Uniform Prior

Using a uniform prior, the MAP becomes the MLE

Suppose we want to find the chance of head $p$ of a possibly unfair coin. However we have no reason to expect the coin to be unfair as most coin tosses are fair-ish. We take the uniform prior.

$$
p  \sim \text{Uniform}(0,1)
$$

We perform $n$ trials with the coin and got $H=k$ heads. The likelihood is binomial. The posterior distribution is then,

$$
\begin{align*}
	P(p \mid H = k)  &= \frac{1 \cdot P(H=k \mid p)}{P(H=k)}\\
					 &\propto P(H=k \mid p) \\
	P(p \mid H = k)  &\propto p^{k}(1-p)^{n-k}
\end{align*}
$$

Since $p$ is a random variable the posterior distribution is,

$$
(p \mid H=k) \sim \text{Beta}(k+1, n-k+1)
$$

With expectation and MAP,

$$
E(p \mid H=k) = \frac{k+1}{n+2}
$$

$$
\text{mode} (p \mid H=k) = \frac{k}{n}
$$

At large $n$, these two are nearly equal. We have found that the observed propotion of heads is the MAP.

Disproportionate Prior

Suppose you want to determine the chance of an event \(p\). If you believe the event is disproportionate, that is, you believe on average there is \(x\) events out of \(n\).

\[ E(p) = \frac{x}{n} \]

In general the proposed \(E(p)\) does not have to be a rational number.
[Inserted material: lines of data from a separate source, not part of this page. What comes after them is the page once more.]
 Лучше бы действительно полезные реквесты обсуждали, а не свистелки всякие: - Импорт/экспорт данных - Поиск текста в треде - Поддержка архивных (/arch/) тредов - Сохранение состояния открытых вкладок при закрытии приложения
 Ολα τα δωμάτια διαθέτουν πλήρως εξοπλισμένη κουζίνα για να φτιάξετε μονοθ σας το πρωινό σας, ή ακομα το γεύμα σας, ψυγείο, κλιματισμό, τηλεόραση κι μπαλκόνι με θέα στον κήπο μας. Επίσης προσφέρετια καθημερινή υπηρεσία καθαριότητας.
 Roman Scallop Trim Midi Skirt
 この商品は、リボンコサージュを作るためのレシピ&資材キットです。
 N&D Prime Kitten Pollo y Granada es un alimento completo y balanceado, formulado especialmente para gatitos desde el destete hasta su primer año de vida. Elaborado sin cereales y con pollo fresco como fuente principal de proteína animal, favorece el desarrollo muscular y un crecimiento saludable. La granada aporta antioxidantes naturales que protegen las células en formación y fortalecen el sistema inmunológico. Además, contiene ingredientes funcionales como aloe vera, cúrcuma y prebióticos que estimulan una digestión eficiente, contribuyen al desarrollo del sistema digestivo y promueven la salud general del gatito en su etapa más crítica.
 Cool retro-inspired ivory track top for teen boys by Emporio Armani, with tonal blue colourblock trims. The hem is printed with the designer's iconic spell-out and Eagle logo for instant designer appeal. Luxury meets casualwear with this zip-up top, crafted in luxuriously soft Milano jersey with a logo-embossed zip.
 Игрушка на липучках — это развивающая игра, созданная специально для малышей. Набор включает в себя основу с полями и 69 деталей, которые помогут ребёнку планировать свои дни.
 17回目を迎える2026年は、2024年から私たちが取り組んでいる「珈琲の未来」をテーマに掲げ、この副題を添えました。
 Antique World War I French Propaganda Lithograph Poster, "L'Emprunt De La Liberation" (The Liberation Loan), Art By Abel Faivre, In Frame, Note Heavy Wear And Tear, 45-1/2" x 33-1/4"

\[ p \sim \text{Beta}(x, n-x) \]

Using the unfair coin example above, suppose in life, we have experience a lot of cheating so we think that the coin is unfair. Our prior knowledge motivates us to propose the coin lands head at chance $70\%$,

$$
E(p) = \frac{7}{10}
$$

We take the prior distribution to be $p \sim \text{Beta}(7, 3)$.